Section 125 Plans for California Employers — 2026 Guide
By David Newman · Referral Partner, Section 125 Savings · San Pedro, CA
California employers benefit from Section 125 cafeteria plans more than employers in most other states for two reasons. First, California honors federal IRC § 125 pre-tax reductions for state income tax purposes — meaning the pre-tax savings flow through both federal AND California taxes (saving an additional 4-13.3% depending on the employee's CA tax bracket). Second, California Workers' Comp rates are among the highest in the country in trades like construction, drayage, and trucking — and Section 125 reduces the WC premium base directly.
Black Tiger Transportation (Southern California medical transport, 66 W-2 employees, CEO is a CPA) saves $140K/year using exactly this structure. Golden Living Point Loma (San Diego assisted living, 51 employees, owner is a practicing attorney) saves $120K/year. Multiple Maaco San Diego operators are also enrolled. The California operator network has been a primary validation pool for the structure.
California-specific Section 125 considerations
California State Disability Insurance (SDI) interaction
California SDI is funded via employee payroll deduction (1.2% for 2026). SDI is calculated on taxable wages subject to certain caps. Section 125 pre-tax reductions reduce SDI-taxable wages by the reduction amount, slightly reducing the employee's SDI contribution. Functionally a small additional savings layer for employees.
California state income tax treatment
California honors federal Section 125 pre-tax reductions for state income tax. The pre-tax reduction reduces both federal and California taxable wages. For employees in higher CA brackets (9.3-13.3%), this adds meaningful additional state-tax savings on top of the federal FICA savings.
California Workers' Comp specifics
California uses NCCI-aligned classifications with state-specific rate filings administered by the California Workers' Compensation Insurance Rating Bureau (WCIRB). Section 125 reductions to taxable payroll reduce the WC premium base. California-specific overtime rules (overtime premium portion treatment varies) interact with the WC base — coordinate with your CA WC broker for the exact calculation at your audit.
California minimum wage considerations
California's $16/hour state minimum wage (and higher in many cities) means most W-2 employees easily clear the $25K/year Section 125 eligibility threshold.
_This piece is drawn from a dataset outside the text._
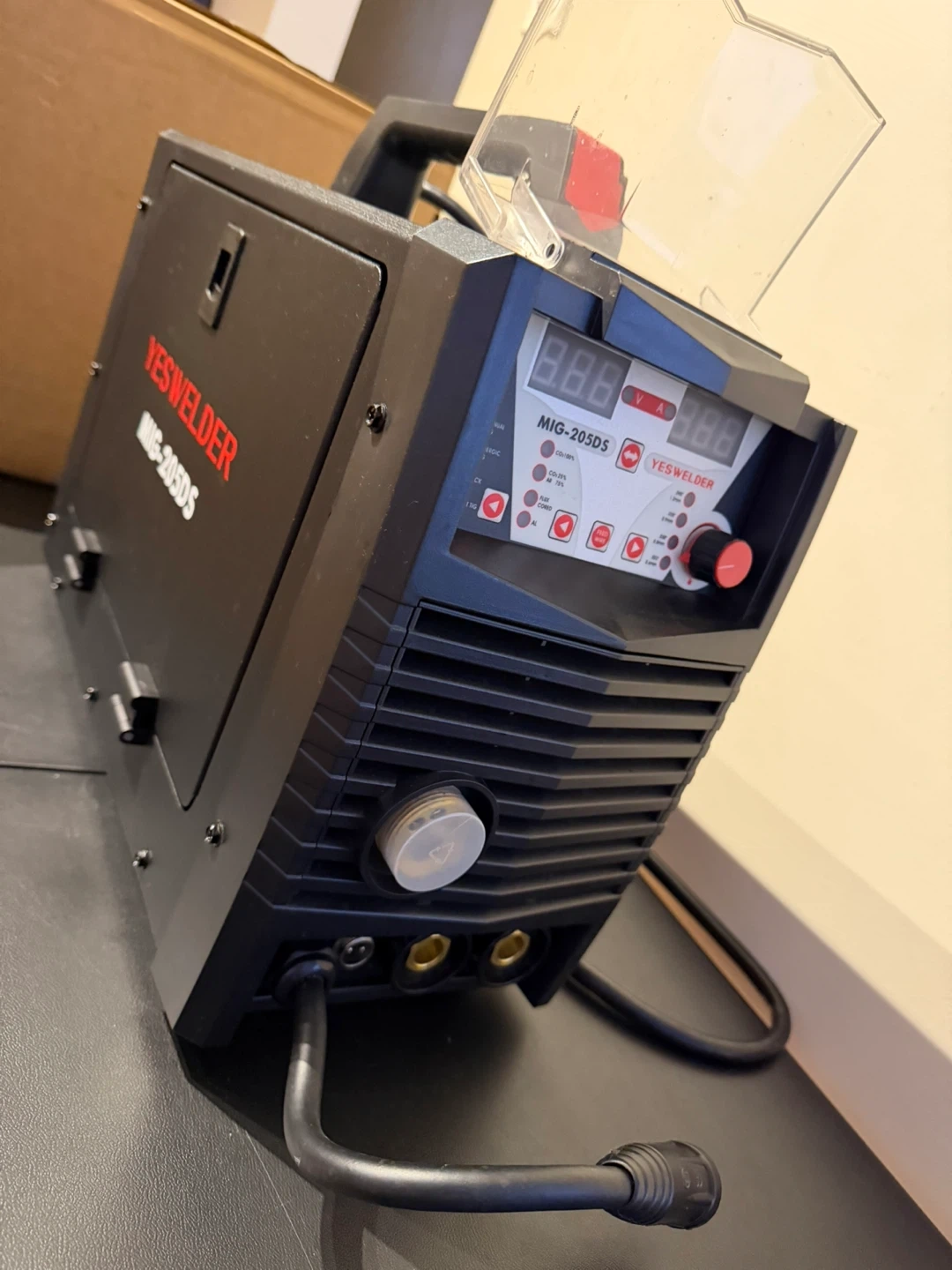 This is a YESWELDER MIG-205DS welder. It's a 205 amp MIG welder. Unit has a digital display for voltage and amperage settings.

CA-specific local minimum wages (San Francisco, Los Angeles, etc.) further support eligibility.
California industry concentrations
The largest W-2 employer concentrations in California where Section 125 economics work strongest:
- Trucking & drayage (Port of LA, Long Beach, Oakland, San Diego)
- Healthcare (hospital systems, hospice, home health)
- Restaurant & food service (highest CA employer concentration)
- Construction trades
- Tech (where applicable to W-2 hourly support staff)
- Senior care + assisted living (SF Bay, Southern California)
Each industry has its own Workers' Comp classification rate. The Section 125 FICA reduction is mechanical at $681.60/W-2 employee/year regardless of industry; the WC reduction layer scales with classification rate.
Run your number
Five quick questions, instant net annual savings + Workers' Comp reduction estimate. Federal IRC § 125 framework applies uniformly across states; California-specific factors layer on top. Verify on IRS.gov.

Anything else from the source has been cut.